Va siendo hora de que el mundo sepa que ha sido el castrocomunismo el que ha devastado a Venezuela, que nos ha saqueado nuestras riquezas, que acecha a todas las sociedades latinoamericanas para corromperlas, pervertirlas y aniquilarlas. Y que llegó la hora de enfrentarlo para ponerle un fin definitivo. No tenemos otra alternativa. Como diría Shakespeare: el resto es silencio.

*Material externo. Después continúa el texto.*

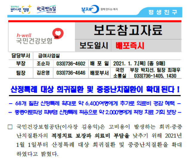 이러한 산정특례 제도는 암과 같은 질병이 재발이 확인되거나 희귀 난치성 질환의 경우에도 재등록하여 수혜를 볼 수 있는 케이스들을 더욱 커버하려 하고 있으며 2021년 1월 7일에 발표한 내용 처럼 중증난치질환 68개 질병을 확대하는 등의 노력을 하고 있는 만큼 약점들을 보완해나가고 있는 중입니다.

Jamás olvidaré el asombro que se dibujó en el rostro de mi amigo y ex compañero de trabajo y de partido, el brasileño Marco Aurelio García, con quien viniera desde París por primera vez a Venezuela en junio de 1977 y a quien no veía desde esos años setenta, cuando al recogerlo en Maiquetía quince años después –venía en representación de Lula da Silva, el dirigente sindical, líder de su partido y futuro presidente de Brasil, a las ceremonias de la segunda transmisión de mando de Hugo Chávez en el año 2000– y ante mis reservas frente a la barbarie que veía dibujarse en el proyecto estratégico del teniente coronel Hugo Chávez, habiendo yo entretanto aprendido a valorar en toda su plenitud el valor de la democracia, me espetara asombrado: “¿Qué objeciones estéticas tienes ante Hugo Chávez? ¿O fue que olvidaste el juramento martiano que sellamos con sangre cuando Allende?”.

—¿Qué juramento?– le pregunté sorprendido, sin entender a qué se refería.

Me miró indignado y me dijo: “Con los pobres de la tierra quiero yo mi suerte echar…”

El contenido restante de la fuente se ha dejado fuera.